[Data provided — start]
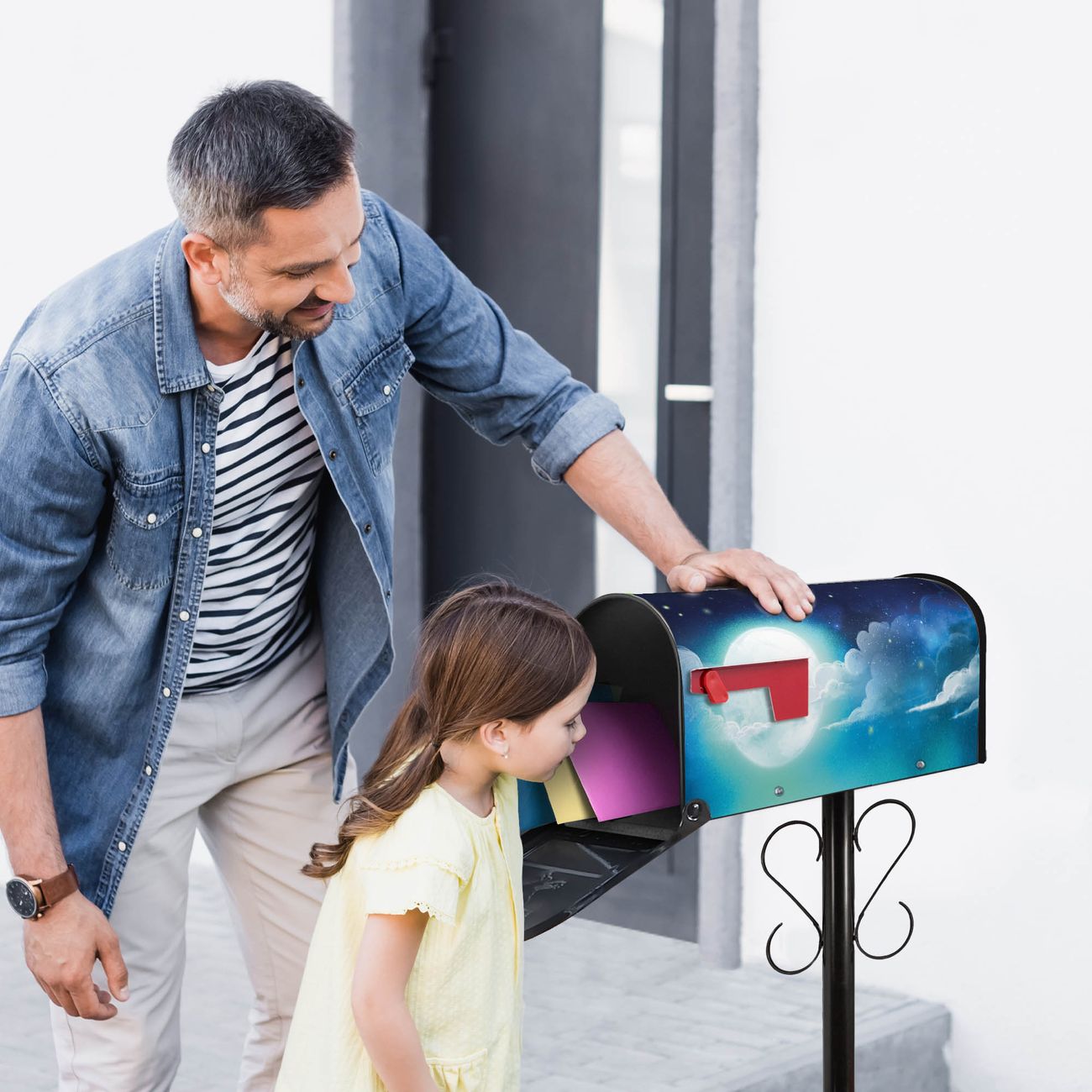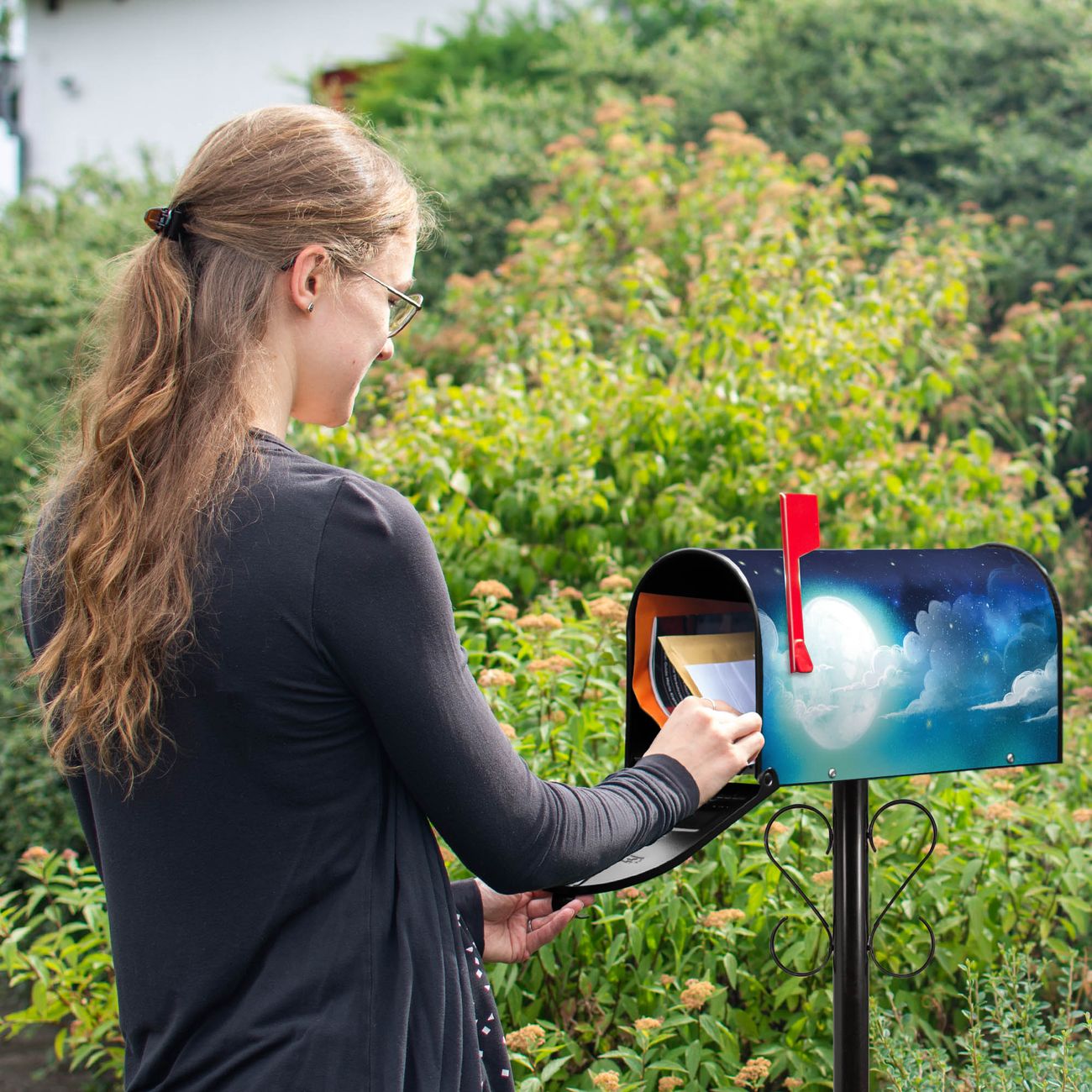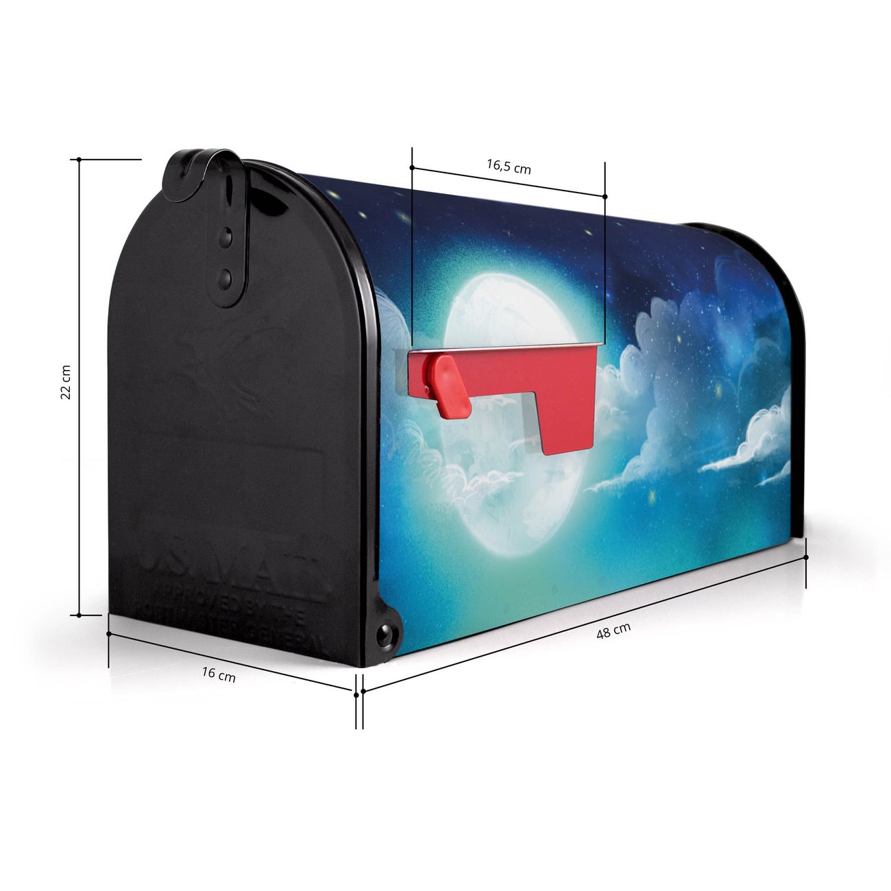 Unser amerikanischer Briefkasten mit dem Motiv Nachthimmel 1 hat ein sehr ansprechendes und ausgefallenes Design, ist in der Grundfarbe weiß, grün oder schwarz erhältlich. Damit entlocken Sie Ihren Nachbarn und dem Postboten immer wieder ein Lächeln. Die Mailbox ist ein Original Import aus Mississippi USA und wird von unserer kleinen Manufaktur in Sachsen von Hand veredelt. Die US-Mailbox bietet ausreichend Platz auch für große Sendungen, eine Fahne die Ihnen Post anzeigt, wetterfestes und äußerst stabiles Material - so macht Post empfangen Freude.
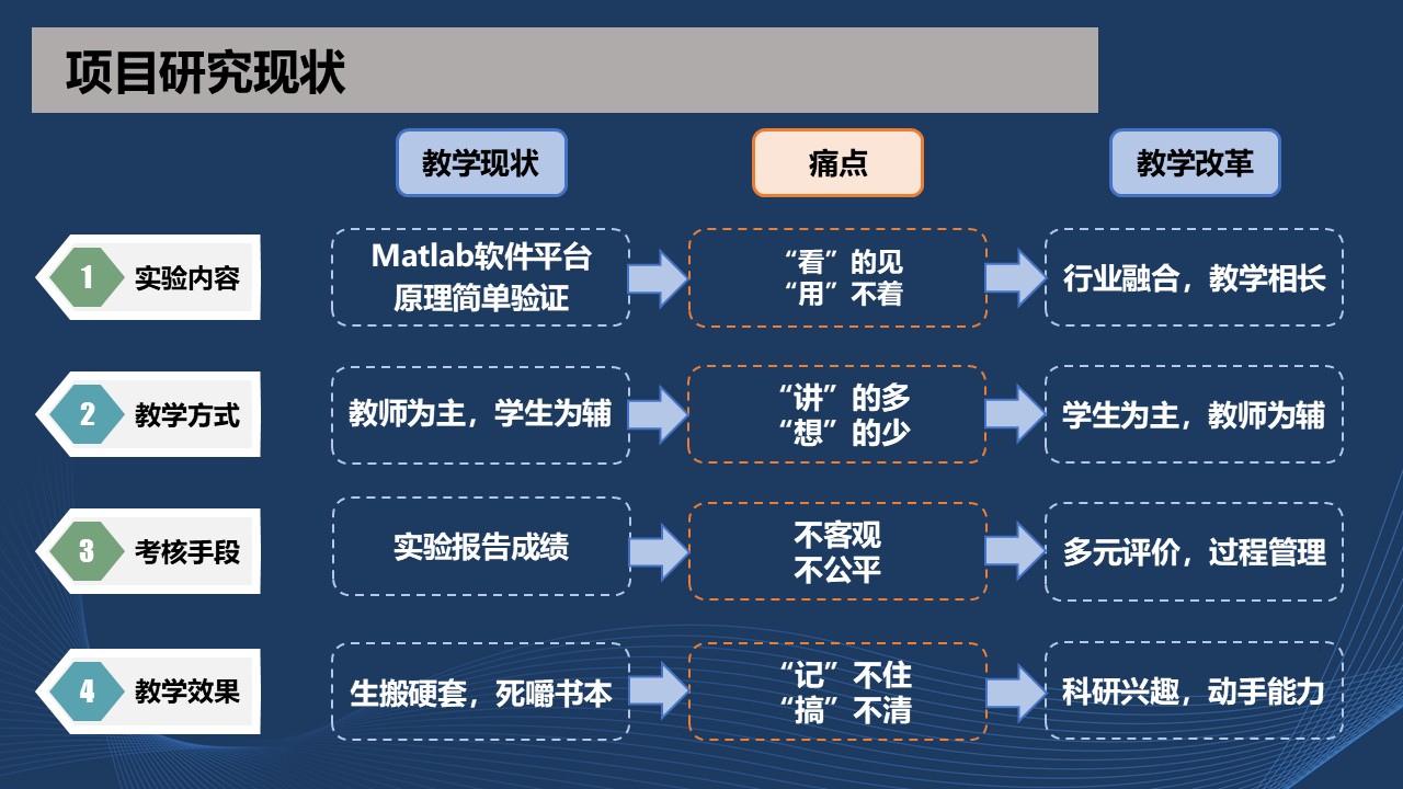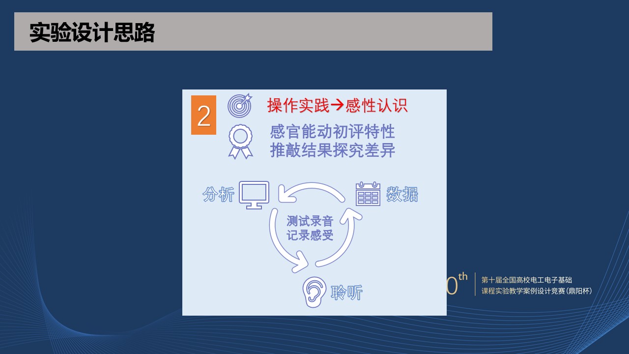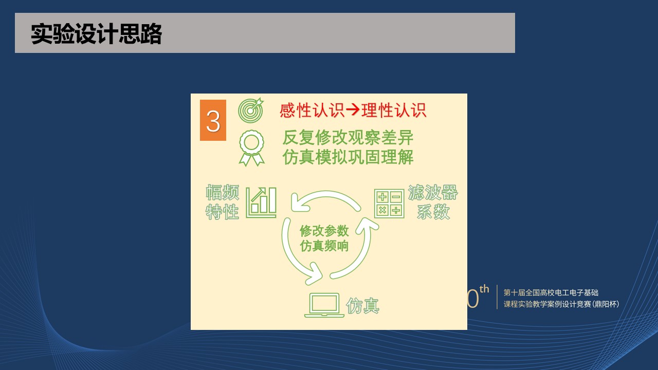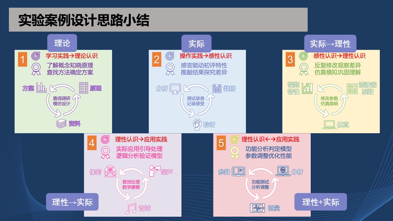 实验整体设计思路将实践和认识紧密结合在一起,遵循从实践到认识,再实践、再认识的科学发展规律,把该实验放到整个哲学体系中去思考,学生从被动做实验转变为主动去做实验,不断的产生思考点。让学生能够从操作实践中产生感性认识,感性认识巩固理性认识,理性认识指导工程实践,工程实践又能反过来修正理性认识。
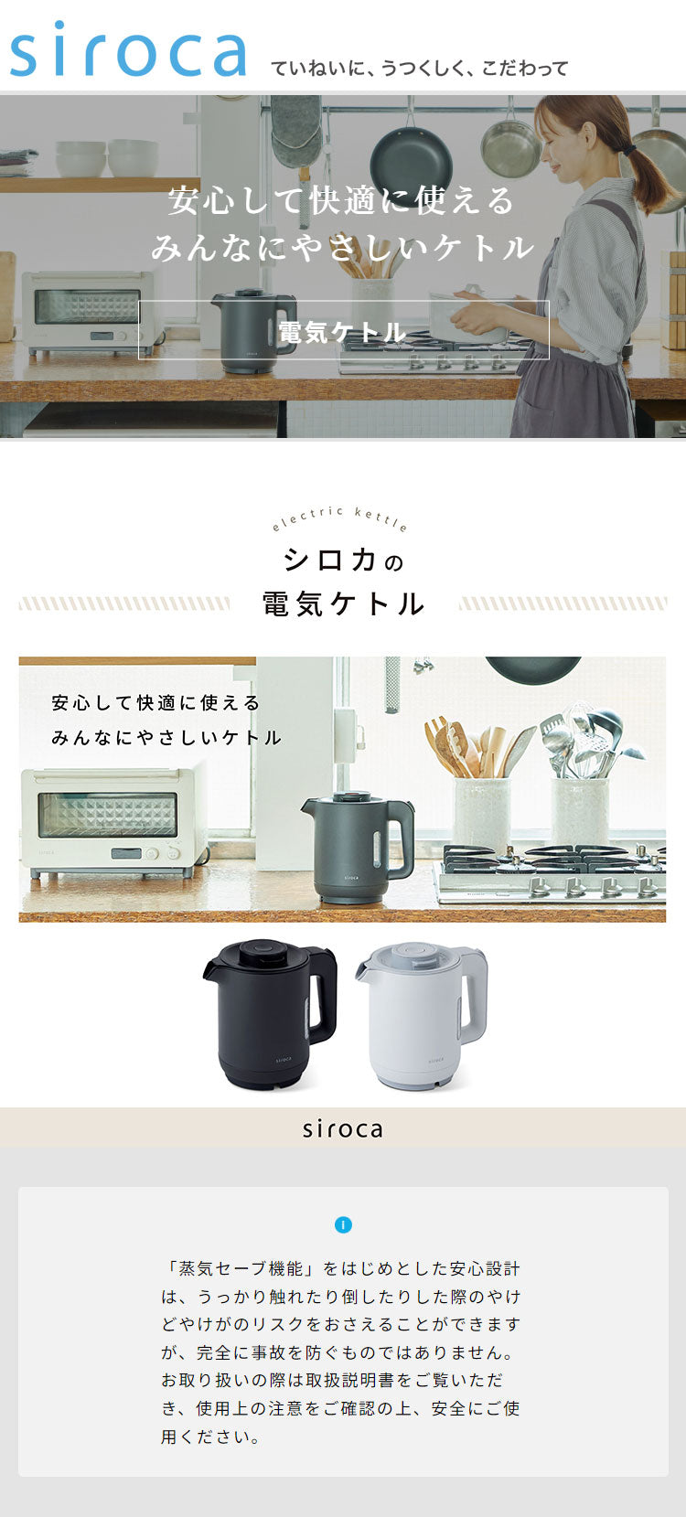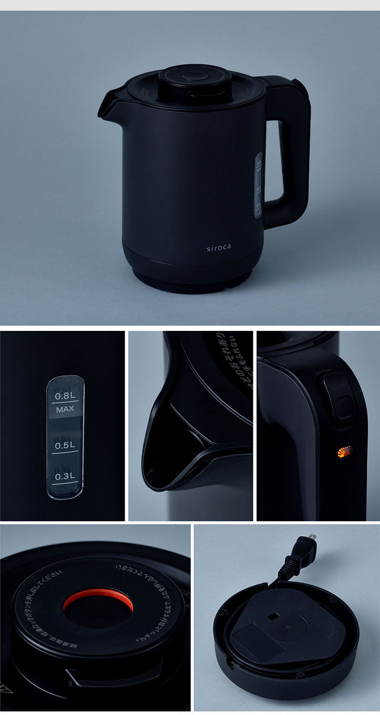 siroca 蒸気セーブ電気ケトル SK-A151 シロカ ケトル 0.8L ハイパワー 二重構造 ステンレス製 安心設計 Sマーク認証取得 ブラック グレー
[Data provided — finish]
What you are asked to do:
This task calls for restating, word for word, each line from the line holding "实验整体设计思路将实践和认识" through the end of the material, pictures left out.

Response to the exercise:
 实验整体设计思路将实践和认识紧密结合在一起,遵循从实践到认识,再实践、再认识的科学发展规律,把该实验放到整个哲学体系中去思考,学生从被动做实验转变为主动去做实验,不断的产生思考点。让学生能够从操作实践中产生感性认识,感性认识巩固理性认识,理性认识指导工程实践,工程实践又能反过来修正理性认识。
 siroca 蒸気セーブ電気ケトル SK-A151 シロカ ケトル 0.8L ハイパワー 二重構造 ステンレス製 安心設計 Sマーク認証取得 ブラック グレー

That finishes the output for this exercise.